The end is near! After finishing Season 6 with a three-year time jump, Parks and Rec is back for its seventh and final season, set entirely in 2017. Executive producer Michael Schur explains that the leap ahead was done “to shake things up” as the show prepared to wind down. “Everyone is a little older and wiser,” he says of the Pawnee posse of the future, but don’t expect to see hoverboards. “We felt like the fans have invested [so much time] into this set of characters, and we want the stories to be about them,” he says. “There are no massive, seismic shifts. No one is unrecognizable; the couples are all still together. There have been no splits or divorces.”

Despite taking place a few years in the future, the new season, Schur promises, will rely on Parks‘ past for its main plot. In the opener, Leslie (Amy Poehler)–who’s now a married mother of triplets in charge of the National Park Service’s Midwest region–will find herself faced with a challenge that Schur sees as a magnified callback to the series pilot. “Leslie is given the opportunity to do something for the town that would bring her all the way back to where she started,” he explains, “but in a way that befits her new job.
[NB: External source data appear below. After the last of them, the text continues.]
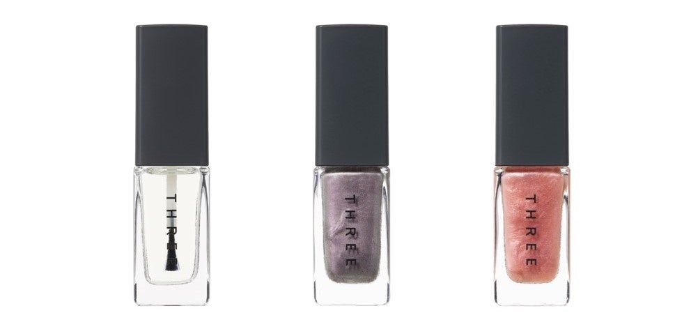 「THREE ネイルラッカー」の質感と色にニュアンスを与え、新たな表情を演出する3種のトップコート。
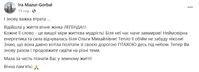На смерть Ольги Михайловны отреагировала также и украинская певица, победительница "Евровидения-2004", Руслана Лыжичко. Она посвятила женщине сообщение в фейсбуке.
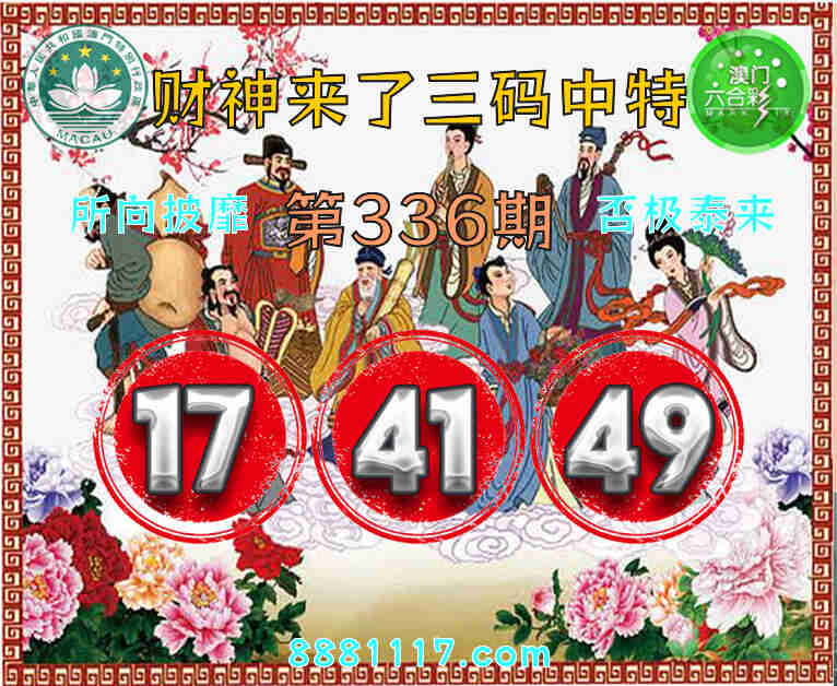 336期: 🥉『财神来了』 🥉三码中特🥉【17.41.49】开:17
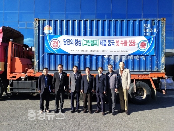 주식회사 당진청삼(대표 권기완)은 지난 8월 중국 위해시에 소재한 위해회결무역유한공사(대표 양뢰)와 공급계약을 체결한데 이어 지난 10월 30일 3만5000달러 상당의 초도 수주물량을 인천항으로 출하했다.
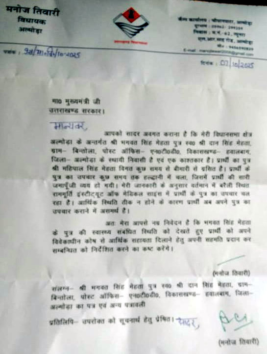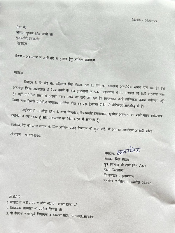 इस दुख की घड़ी में, जब एक गरीब परिवार को सबसे ज्यादा मदद की ज़रूरत थी, तब जनप्रतिनिधियों ने आँखें फेर लीं।परिवार का आरोप है कि मुख्यमंत्री पुष्कर सिंह धामी, पूर्व सीएम भगत सिंह कोश्यारी, राज्य मंत्री सुरेश भट्ट, विधायक मनोज तिवारी, मंत्री अजय टम्टा और भाजपा प्रदेश उपाध्यक्ष कैलाश शर्मा जैसे बड़े नेताओं को पत्र लिखे गए, लेकिन किसी ने भी किसी तरह की कोई मदद नहीं की।

She’s a more accomplished person than she was.”

In addition, Schur says that last season’s flash-forward–which featured April (Aubrey Plaza), Andy (Chris Pratt), and Leslie’s hubby, Ben (Adam Scott)–dropped some hints about who will be on the Team Knope payroll now that she’s got her dream job. “We were very specific in the people we showed in that scene and who we didn’t.” Wait, no Ron Swanson on staff? Knope, didn’t see that one coming.